Gümüşoğlu, bütün Alevi cemlerinde Hazreti Peygambere övgü olduğunu belirterek, aynı geleneğin Sünni inanışında da olduğuna dikkati çekti.
Türkiye Cumhuriyeti sınırlarında yaşayan herkesin ortak noktalarını hatırlamaları gerektiğini vurgulayan Gümüşoğlu, "Hiç içinizde Ali, Hasan, Hüseyin isminde akrabası olmayan var mı- Yok. Bunlar hepimizin ortak değerleri, ortak isimleri. Ama hamd olsun ki; Yezid ismi yok. Demek ki hepimiz şu ya da bu şekilde Hüseyin'in tarafındayız" diye konuştu.

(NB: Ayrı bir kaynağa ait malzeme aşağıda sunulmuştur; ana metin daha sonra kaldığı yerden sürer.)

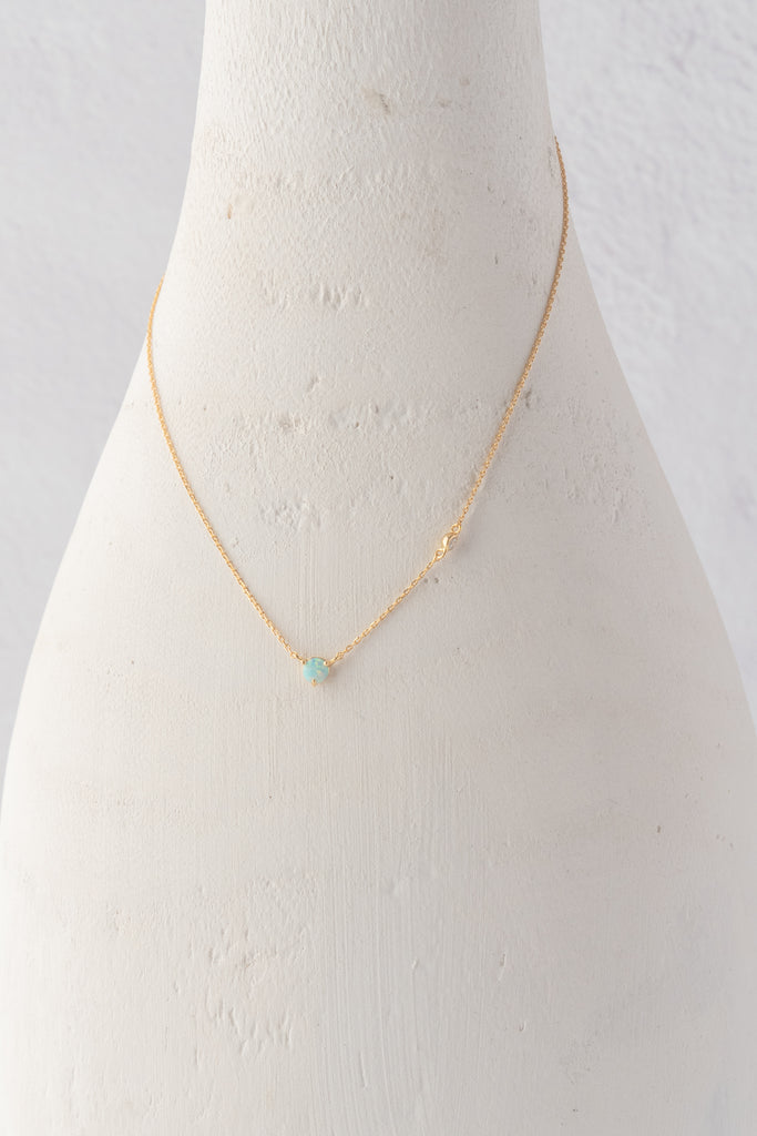 A delicate little piece for your necklace layer, or a lovely solo number for lovers of petite jewelry! It boasts a gold-plated chain, with a glimmering opal pendant and a cubic zirconia accent.

-Prof. Eğri: "Ehli Beyt rahmettir, rahmet de gül kokar"-
Hitit Üniversitesi Rektör Yardımcısı Prof. Dr. Osman Eğri de Ehli Beyt'in rahmet olduğunu, rahmetin de gül koktuğunu söyledi.

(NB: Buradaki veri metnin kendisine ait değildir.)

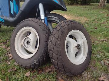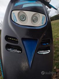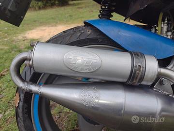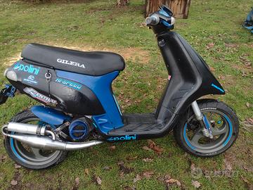 Gilera Typhoon 50cc del 1995, doppio faro alogeno anteriore, forcella anteriore e ammortizzatore posteriore nuovi, gomme stradali più cerchi gomme tassellare, cavalletto laterale e marmitta Leovince TT omologata, più pezzi originali disponibili

Hazreti Peygamber'in "Eğer bir toplulukta ben ve evladım konuşulursa, anılırsa gökteki melekler birbirlerine şöyle söylerler, falanca mecliste Hazreti Muhammed Mustafa ve onun evladı konuşuluyormuş ve orada gül kokuyormuş. Bunu duymayan hissetmeyen melekler siz de gidin orada gül koklayın. Gidin koşun toplantı dağılsa bile orada gül kokmaya devam eder" mealindeki hadisi şerifini anımsatan Eğri, rahmetin nur olduğunu kaydetti. Eğri, şöyle konuştu:
"Nur Süresi 35-36'ncı ayetlerde 'Allah göklerin ve yerin nurudur' diyor. Bu ayeti tefsir ederken İmam Cafer Sadık o nurun içerisinde yandığı kandile Muhammed Mustafa Aleyhisselam, der. Fitil Hazreti Fatıma'dır. Kandilin sürekli yanmasını sağlayan yağ ne şarktan ne de garptan olan Hasan ve Hüseyin'dir. Bu şu demektir. Hasan ve Hüseyin'in evlatları ne şarkta ne de garpta gitmedik yer bırakmayacaklar. Muhammed Mustafa'nın nuru şarka da garba da ta Mehdi zamanına kadar ulaşacaktır. O zaman gül devridir. Yeni bir Nur-u Muhammedi'nin yeryüzüne damladığı devirdir."
Panele Malatya Valisi Vasip Şahin, Malatya Belediye Başkanı Ahmet Çakır, Hacı Bektaşi Veli Kültür Merkezi Vakfı Başkanı Hasan Meşeli, İmam Zeynel Abidin Türbesi Kültür Vakfı Başkanı Erdoğan Ünverdi, Cem Vakfı Malatya Şubesi Başkanı Eşref Doğan, diğer protokol üyeleri ve vatandaşlar katıldı.